▸ **WHAT YOU NEED TO DO**:
Retyping the entries exactly is all that is required.

DATA EXTRACTS Start Marker

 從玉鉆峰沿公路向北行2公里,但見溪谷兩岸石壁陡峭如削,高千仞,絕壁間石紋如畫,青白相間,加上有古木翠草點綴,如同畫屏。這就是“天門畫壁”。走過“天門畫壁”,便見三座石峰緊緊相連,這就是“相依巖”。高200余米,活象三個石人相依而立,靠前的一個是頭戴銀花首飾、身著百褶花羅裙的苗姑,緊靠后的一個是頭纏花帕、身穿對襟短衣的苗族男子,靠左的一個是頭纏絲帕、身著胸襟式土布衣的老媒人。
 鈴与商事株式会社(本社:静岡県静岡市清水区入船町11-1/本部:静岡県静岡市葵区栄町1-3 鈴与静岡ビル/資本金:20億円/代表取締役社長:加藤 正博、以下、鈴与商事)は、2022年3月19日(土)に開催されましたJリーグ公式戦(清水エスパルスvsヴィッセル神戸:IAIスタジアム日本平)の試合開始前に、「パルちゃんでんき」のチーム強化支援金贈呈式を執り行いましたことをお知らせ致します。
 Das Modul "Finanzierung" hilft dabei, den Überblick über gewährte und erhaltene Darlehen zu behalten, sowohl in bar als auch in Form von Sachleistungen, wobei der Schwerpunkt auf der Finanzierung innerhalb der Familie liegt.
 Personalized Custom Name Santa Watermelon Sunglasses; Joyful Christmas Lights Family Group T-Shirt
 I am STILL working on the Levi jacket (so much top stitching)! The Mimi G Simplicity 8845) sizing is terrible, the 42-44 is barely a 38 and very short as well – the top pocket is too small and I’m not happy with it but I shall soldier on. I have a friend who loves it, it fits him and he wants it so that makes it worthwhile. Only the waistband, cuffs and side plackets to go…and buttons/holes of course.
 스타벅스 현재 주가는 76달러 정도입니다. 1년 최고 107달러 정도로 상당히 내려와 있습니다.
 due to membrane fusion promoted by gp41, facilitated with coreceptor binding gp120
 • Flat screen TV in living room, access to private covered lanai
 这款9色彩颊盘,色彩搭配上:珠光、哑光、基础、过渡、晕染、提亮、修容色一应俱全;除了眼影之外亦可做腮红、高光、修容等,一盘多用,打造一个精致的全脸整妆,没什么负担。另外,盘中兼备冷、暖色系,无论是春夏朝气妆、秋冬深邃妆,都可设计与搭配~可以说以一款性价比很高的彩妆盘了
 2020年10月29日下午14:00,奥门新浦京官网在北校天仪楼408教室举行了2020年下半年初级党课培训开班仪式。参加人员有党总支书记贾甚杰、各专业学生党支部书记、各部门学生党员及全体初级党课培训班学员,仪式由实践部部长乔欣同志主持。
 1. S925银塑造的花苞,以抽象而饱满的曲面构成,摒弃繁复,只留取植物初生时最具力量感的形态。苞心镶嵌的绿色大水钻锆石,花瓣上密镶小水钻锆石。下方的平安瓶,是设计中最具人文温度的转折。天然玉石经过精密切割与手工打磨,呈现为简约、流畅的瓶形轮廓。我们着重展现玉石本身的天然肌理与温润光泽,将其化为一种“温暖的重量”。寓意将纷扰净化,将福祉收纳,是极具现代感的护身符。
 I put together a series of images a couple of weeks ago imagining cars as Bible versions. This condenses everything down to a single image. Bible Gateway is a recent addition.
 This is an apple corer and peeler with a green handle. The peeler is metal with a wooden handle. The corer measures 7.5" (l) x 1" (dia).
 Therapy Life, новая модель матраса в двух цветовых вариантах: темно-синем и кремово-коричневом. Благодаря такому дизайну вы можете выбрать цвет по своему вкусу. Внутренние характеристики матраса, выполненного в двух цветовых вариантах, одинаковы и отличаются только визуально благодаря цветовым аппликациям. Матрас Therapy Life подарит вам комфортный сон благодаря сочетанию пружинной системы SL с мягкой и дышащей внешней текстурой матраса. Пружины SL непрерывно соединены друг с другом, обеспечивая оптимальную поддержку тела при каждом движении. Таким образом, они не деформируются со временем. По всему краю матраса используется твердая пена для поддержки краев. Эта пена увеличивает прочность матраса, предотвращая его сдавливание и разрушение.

DATA EXTRACTS End Marker

▸ **TASK SOLUTION**:
 從玉鉆峰沿公路向北行2公里,但見溪谷兩岸石壁陡峭如削,高千仞,絕壁間石紋如畫,青白相間,加上有古木翠草點綴,如同畫屏。這就是“天門畫壁”。走過“天門畫壁”,便見三座石峰緊緊相連,這就是“相依巖”。高200余米,活象三個石人相依而立,靠前的一個是頭戴銀花首飾、身著百褶花羅裙的苗姑,緊靠后的一個是頭纏花帕、身穿對襟短衣的苗族男子,靠左的一個是頭纏絲帕、身著胸襟式土布衣的老媒人。
 鈴与商事株式会社(本社:静岡県静岡市清水区入船町11-1/本部:静岡県静岡市葵区栄町1-3 鈴与静岡ビル/資本金:20億円/代表取締役社長:加藤 正博、以下、鈴与商事)は、2022年3月19日(土)に開催されましたJリーグ公式戦(清水エスパルスvsヴィッセル神戸:IAIスタジアム日本平)の試合開始前に、「パルちゃんでんき」のチーム強化支援金贈呈式を執り行いましたことをお知らせ致します。
 Das Modul "Finanzierung" hilft dabei, den Überblick über gewährte und erhaltene Darlehen zu behalten, sowohl in bar als auch in Form von Sachleistungen, wobei der Schwerpunkt auf der Finanzierung innerhalb der Familie liegt.
 Personalized Custom Name Santa Watermelon Sunglasses; Joyful Christmas Lights Family Group T-Shirt
 I am STILL working on the Levi jacket (so much top stitching)! The Mimi G Simplicity 8845) sizing is terrible, the 42-44 is barely a 38 and very short as well – the top pocket is too small and I’m not happy with it but I shall soldier on. I have a friend who loves it, it fits him and he wants it so that makes it worthwhile. Only the waistband, cuffs and side plackets to go…and buttons/holes of course.
 스타벅스 현재 주가는 76달러 정도입니다. 1년 최고 107달러 정도로 상당히 내려와 있습니다.
 due to membrane fusion promoted by gp41, facilitated with coreceptor binding gp120
 • Flat screen TV in living room, access to private covered lanai
 这款9色彩颊盘,色彩搭配上:珠光、哑光、基础、过渡、晕染、提亮、修容色一应俱全;除了眼影之外亦可做腮红、高光、修容等,一盘多用,打造一个精致的全脸整妆,没什么负担。另外,盘中兼备冷、暖色系,无论是春夏朝气妆、秋冬深邃妆,都可设计与搭配~可以说以一款性价比很高的彩妆盘了
 2020年10月29日下午14:00,奥门新浦京官网在北校天仪楼408教室举行了2020年下半年初级党课培训开班仪式。参加人员有党总支书记贾甚杰、各专业学生党支部书记、各部门学生党员及全体初级党课培训班学员,仪式由实践部部长乔欣同志主持。
 1. S925银塑造的花苞,以抽象而饱满的曲面构成,摒弃繁复,只留取植物初生时最具力量感的形态。苞心镶嵌的绿色大水钻锆石,花瓣上密镶小水钻锆石。下方的平安瓶,是设计中最具人文温度的转折。天然玉石经过精密切割与手工打磨,呈现为简约、流畅的瓶形轮廓。我们着重展现玉石本身的天然肌理与温润光泽,将其化为一种“温暖的重量”。寓意将纷扰净化,将福祉收纳,是极具现代感的护身符。
 I put together a series of images a couple of weeks ago imagining cars as Bible versions. This condenses everything down to a single image. Bible Gateway is a recent addition.
 This is an apple corer and peeler with a green handle. The peeler is metal with a wooden handle. The corer measures 7.5" (l) x 1" (dia).
 Therapy Life, новая модель матраса в двух цветовых вариантах: темно-синем и кремово-коричневом. Благодаря такому дизайну вы можете выбрать цвет по своему вкусу. Внутренние характеристики матраса, выполненного в двух цветовых вариантах, одинаковы и отличаются только визуально благодаря цветовым аппликациям. Матрас Therapy Life подарит вам комфортный сон благодаря сочетанию пружинной системы SL с мягкой и дышащей внешней текстурой матраса. Пружины SL непрерывно соединены друг с другом, обеспечивая оптимальную поддержку тела при каждом движении. Таким образом, они не деформируются со временем. По всему краю матраса используется твердая пена для поддержки краев. Эта пена увеличивает прочность матраса, предотвращая его сдавливание и разрушение.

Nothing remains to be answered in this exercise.